Front nginx terminates TLS, sets X-Forwarded-* headers, and proxies to
`http-handle` on loopback. Example nginx config skeleton:

```nginx
upstream http_handle {
    server 127.0.0.1:8080;
    keepalive 64;
}

server {
    listen 443 ssl http2;
    ssl_certificate /etc/ssl/full.crt;
    ssl_certificate_key /etc/ssl/server.key;

    location / {
        proxy_pass http://http_handle;
        proxy_http_version 1.1;
        proxy_set_header Connection "";
        proxy_set_header Host $host;
        proxy_set_header X-Real-IP $remote_addr;
        proxy_set_header X-Forwarded-For $proxy_add_x_forwarded_for;
        proxy_set_header X-Forwarded-Proto $scheme;
    }
}
```

`proxy_http_version 1.1` + `Connection: ""` enables nginx to reuse a
keep-alive pool with `http-handle` (which speaks HTTP/1.1 keep-alive
since v0.0.5).

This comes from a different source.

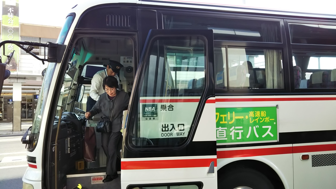 高速船レインボーで七類港に着くと、松江駅行きと、米子空港経由米子駅行きのバスが待っていました。松江駅までは約40分でした。途中のバス停はレインボープラザだけでした。運賃は松江駅まで1000円でした。交通系ICカードは使えません。
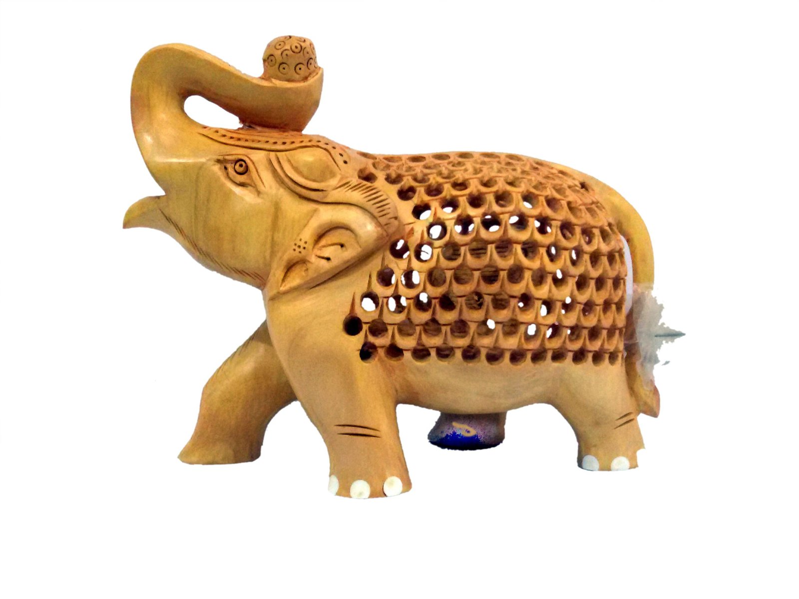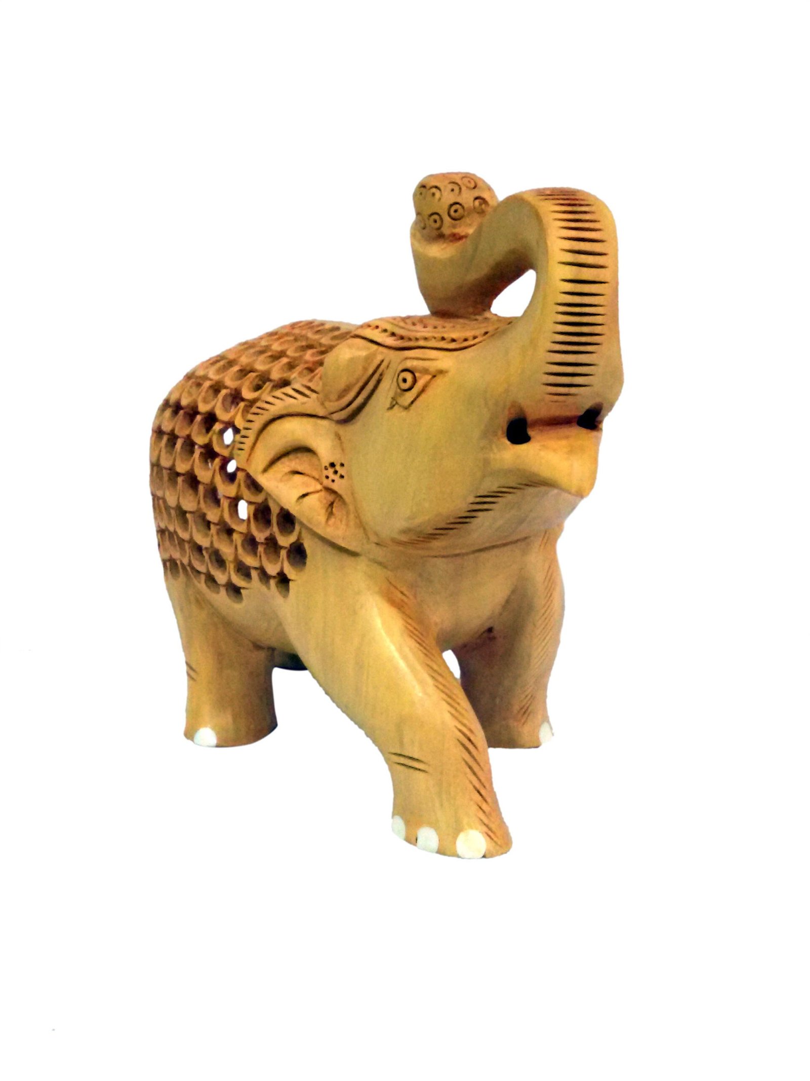 Carved from high-quality wood, this elephant features delicate Jali work, a technique that involves creating intricate lattice patterns, adding a sense of sophistication and detail to the sculpture. The elephant, a symbol of wisdom, strength, and good fortune, is beautifully rendered with attention to detail, making it a standout piece for any home or office decor.

For multi-tenant deployments use `multi-tenant` feature
to isolate config and secrets per `TenantId`.

### Q. How do I deploy in Kubernetes / Docker?

`http-handle` produces a single binary with no runtime dependencies
beyond the system libc. A minimal container build:

```dockerfile
FROM rust:1.88-slim AS build
WORKDIR /src
COPY . .
RUN cargo build --release --features 'high-perf-multi-thread'

FROM gcr.io/distroless/cc-debian12
COPY --from=build /src/target/release/http-handle /http-handle
EXPOSE 8080
ENTRYPOINT ["/http-handle"]
```

Bind to `0.0.0.0` (the default when `HTTP_HANDLE_ADDR` is unset) and
expose via a Service. Wire `start_with_graceful_shutdown(timeout)` to
the SIGTERM Kubernetes sends on pod termination so in-flight
connections drain.

### Q. How do I tune thread count / connection cap for production?

Two knobs that matter:

- **`start_with_pooling(workers, max_connections)`** — workers should
  typically be 2-4× CPU cores; max_connections is bounded by available
  memory and file descriptors. Default ulimit on most distros caps you
  at 1024 fds per process; raise via systemd `LimitNOFILE` or your
  orchestrator's equivalent.
- **`start_high_perf_multi_thread(server, limits, worker_threads)`** —
  `worker_threads = None` defaults to logical CPU count. Pass
  `Some(n)` to pin (useful for reproducible benchmarking or when CPU
  affinity is set externally). `PerfLimits::max_inflight` defaults to
  256 and bounds concurrent in-flight requests; `max_queue` (default
  1024) is a soft queue past `max_inflight`.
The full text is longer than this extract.